Read the full piece – and then some. The average standard of below-the-line comment at Naked Capitalism is high for a site of such relative prominence. Yves’ piece is no exception and I recommend at least a skim read of the responses her thoughts have elicited.

* * *

  1. I was too cautious back in November.  As Yves makes clear, loss of Odessa and access to the Black Sea is far from being the “worst case scenario” for Kiev.
  2. Ukrainians’ recognition of their betrayal both by their leaders and by the West at large is one thing. Europeans’ recognition of their betrayal both by their leaders and by the US is another. I’ve alluded to the latter often but a more thorough reckoning is overdue.
  3. Alastair’s invocation of Ancient Rus and the genes Russians and (all) Ukrainians allegedly share does not, I hasten to add, preclude my “more material underwriters of a lasting peace”. When all is said and done, the man’s a former high ranking diplomat who’d agree on a good deal with the “political realism” of John Mearsheimer, whose predictions have been so resoundingly upheld since the idea of Ukraine joining NATO first began to gain traction.
  4. Aside from the question of how much European leaders knew in advance of America’s sabotage of Nord Stream, the most striking recent example of bad faith this side of the pond is the boast by Angela Merkel, confirmed by François Hollande, that Minsk had been a decoy to string Russia along. President Putin was a Europhile, hitherto resistant to Kremlin voices, their suspicions long confirmed, which insisted the West would never accept Russia as a peer. He seemed genuinely and personally hurt by the former Reich Chancellor’s thrice repeated triumphalism. UPDATE December 20: today a post on Andrew Korybko’s substack – see Putin’s Admission Of Naivety About The West – focuses on how this is now a factor in the RF President’s thinking.

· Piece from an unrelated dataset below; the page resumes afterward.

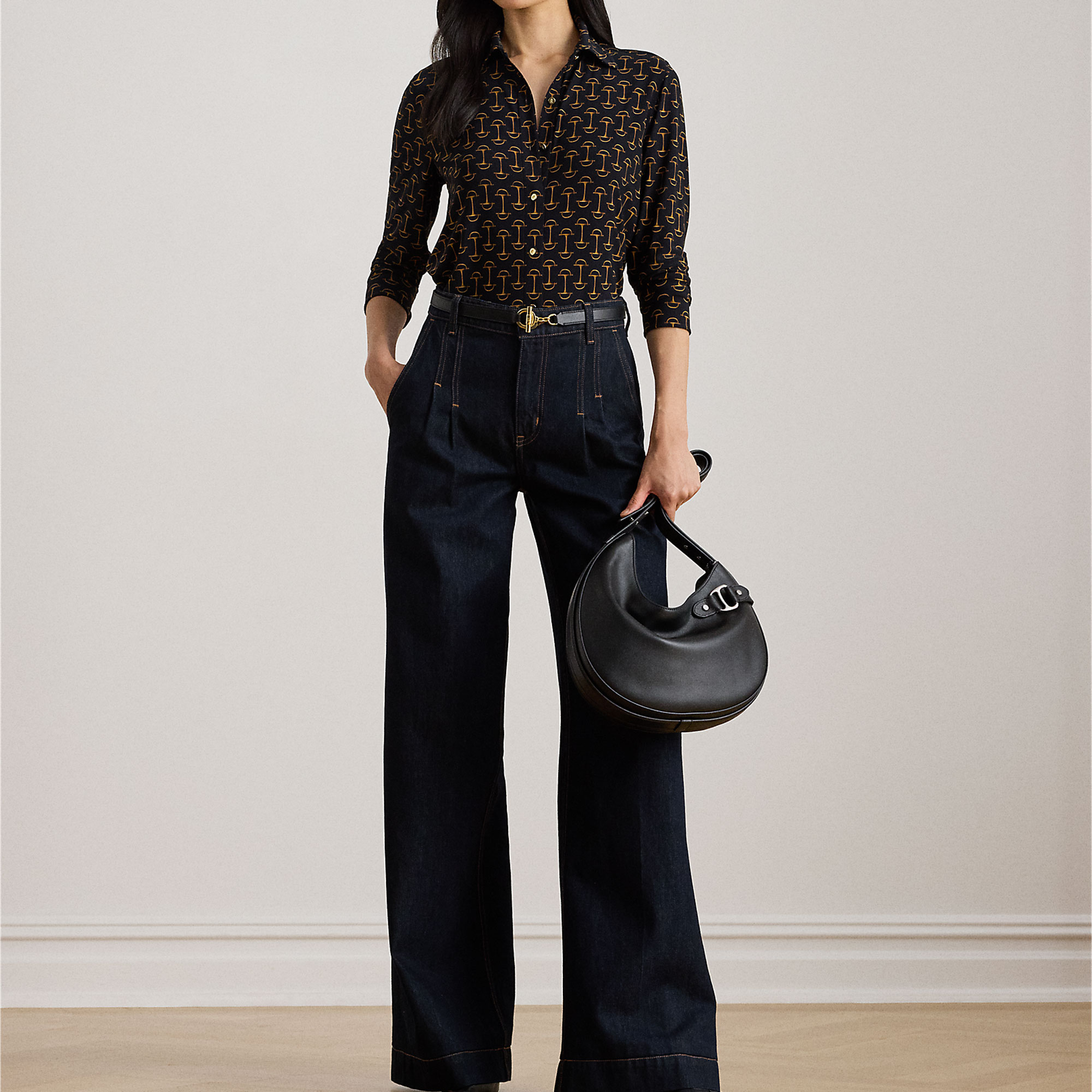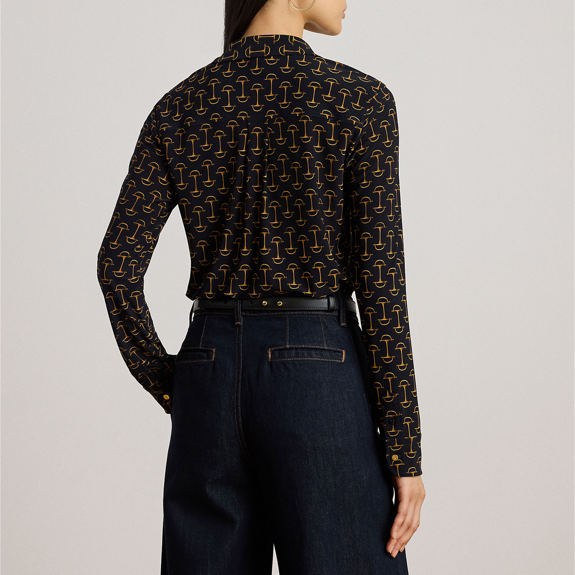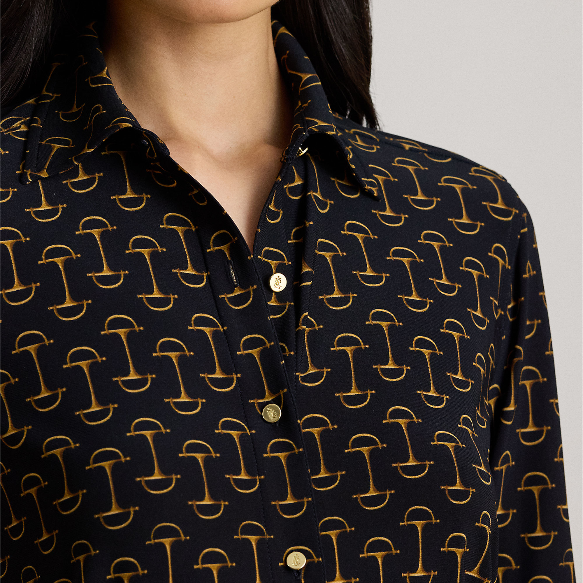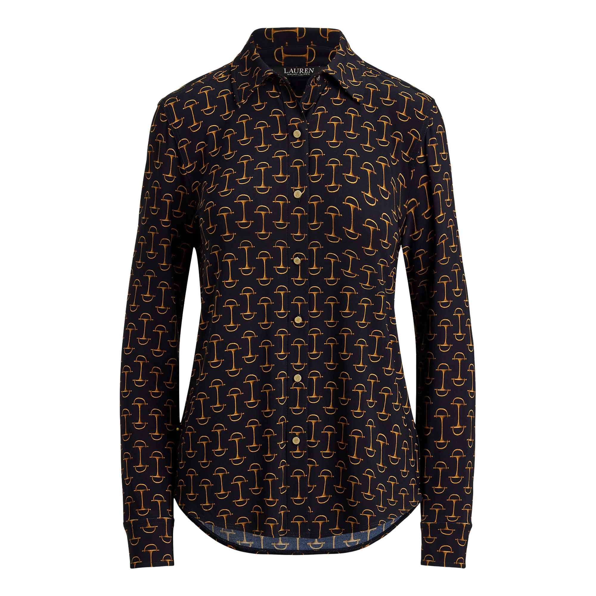 - Soft stretch-fused jersey fabric, button-down design, equestrian-inspired geometric print, spread collar, buttoned placket, metal buttons with “LRL” logo detail, long sleeves, buttoned barrel cuffs, box-pleated back yoke, shirttail hem

5 Replies to “After the war, can Russia win the peace?

  1. A brief comment on this observation:

    Russia will not want a failed state on her border.

    A failed Ukrainian state is certainly one very likely scenario.

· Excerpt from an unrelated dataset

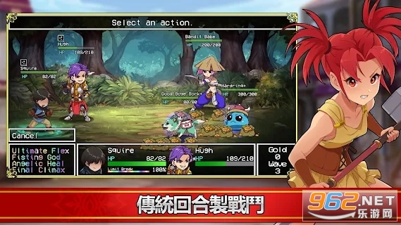回合制战斗——你也许不是一位像样的侍从,但是你拥有一些非传统的特技,来让你侍奉的可怜骑士活命。使用嘲讽、鼓舞、治疗、搜刮来达到胜利!
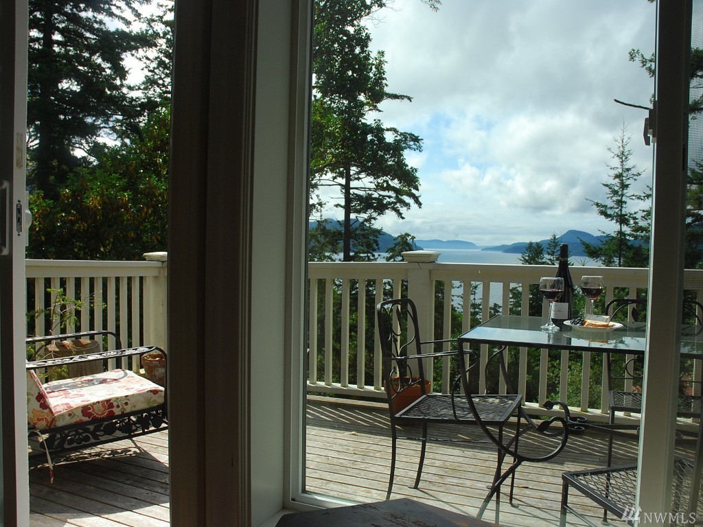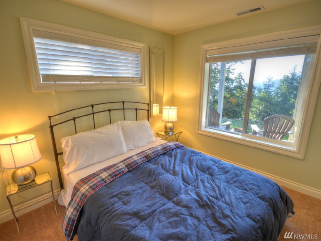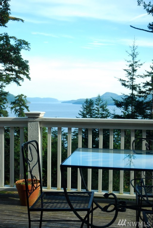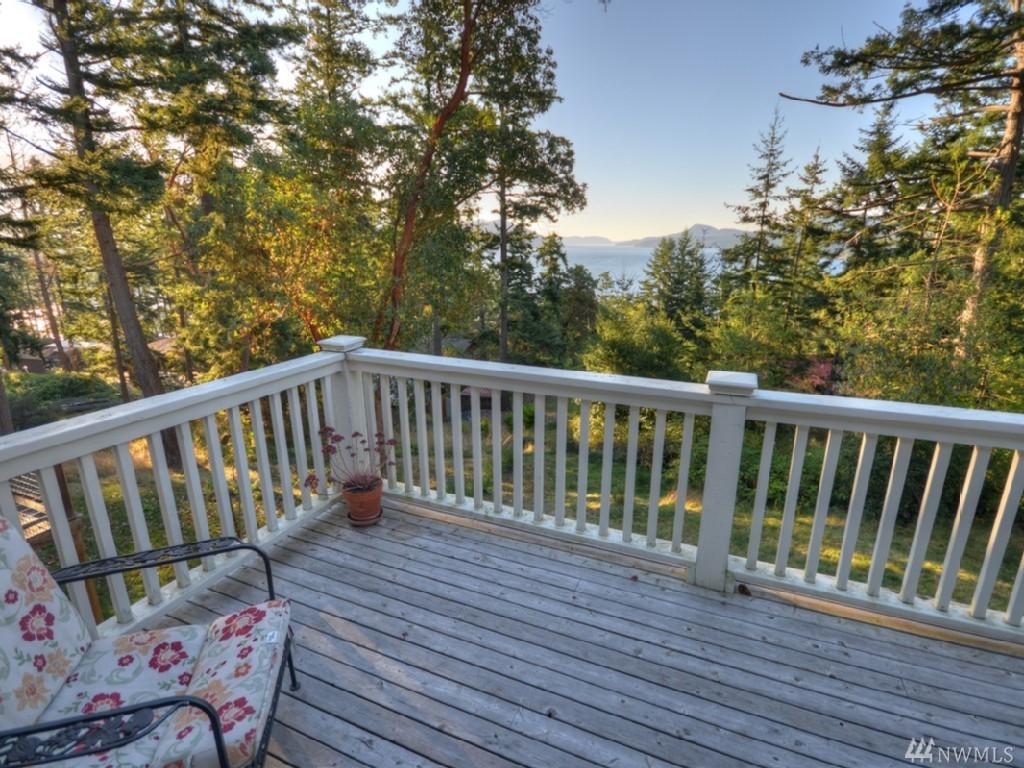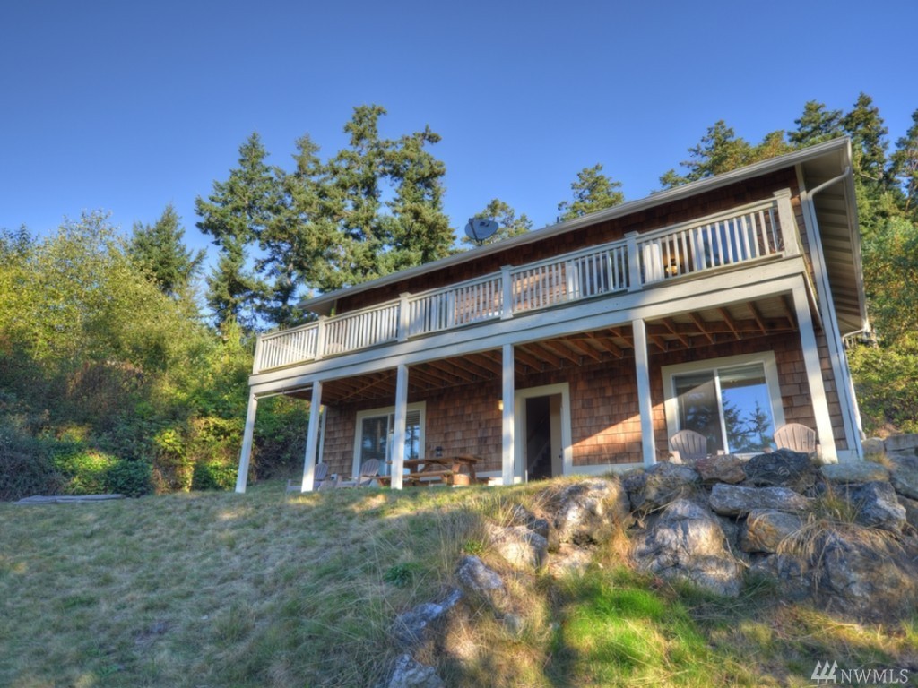 Southern water & mountain views from 3 bedrm/2 bath home w/ established income from transient rental. Main floor view master, utility, kitchen, great room on upper level with 2 bdrms/full bath on the lower level. Garden/play space on sunny lawn. Large cedar deck spans width of the house for entertaining/bbq. Kitchen features stainless appliances, lots of granite top counter space; warm brown mahogany floors, heated marble floor in master. Popular rental with approx. $62k gross in 2016.

    However, as we are reminded daily via comment on this conflict, this is a proxy war in which the RF has in systemic terms gone toe to toe with the combined Collective West and using only a fraction of its military capacity outperformed the West on every metric. Not just militarily but also economically, industrially and politically. As Andrei Martyanov consistently reminds us, the level of competency at all levels across the West is so systemically dire it is difficult to make a watertight case for this being peer-to-peer.

    Which raises the more problematic possibility of what if the “failed state” on the border is not limited to Ukraine?

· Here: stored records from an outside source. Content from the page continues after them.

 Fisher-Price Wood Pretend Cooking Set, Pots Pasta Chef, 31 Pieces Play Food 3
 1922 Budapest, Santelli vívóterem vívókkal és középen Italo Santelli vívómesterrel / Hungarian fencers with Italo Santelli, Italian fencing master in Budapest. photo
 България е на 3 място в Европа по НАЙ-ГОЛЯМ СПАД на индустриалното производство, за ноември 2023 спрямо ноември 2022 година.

    I’ll leave that particular brick in the water for better minds to ponder.

    • Possibly even a ‘failed EU’? After all, how long can the various populations put up with the semi-criminal blundering of half-witted cretins like Scholz and von Der Leyen?

      • To Jams and Dave both: I agree.

        For all its woes, Britain has so far largely escaped the right wing upsurge all too visible in the US and mainland Europe. For a von der Leyen or Scholz – and to their groomers, mentors and fellow globalists across the pond – that upsurge is only explicable in terms as fatuous as they are insulting; the knee-jerk intellectual failures of what Mrs Clinton so tellingly dubbed “the deplorables”.

        Almost a century ago Trotsky got much closer to the truth. Then as now rentiers were riding roughshod over blue and white collar worker alike. Even big industrial capital was feeling squeezed. And then as now the far right had been faster than the left to recognise and leverage the fact. Said Trotsky:

        Not every frustrated petit-bourgeois can be an Adolf Hitler. But there’s something of Adolf Hitler in every frustrated petit-bourgeois.

        As noted by Mercurious and Crooke in the linked Duran podcast, Russia may well choose – insofar as a torched economy allows it – to be conciliatory with ordinary Ukrainians west of the Dneiper. But the Banderites of Azov and C14 stripe are another matter. Unless they are dealt with ruthlessly, not only is the primary goal of denazification jeopardised. So too – given the causal link between the interests fronted by the minnows you identify, and the appeal of fascism – is that of a truly neutral Ukraine.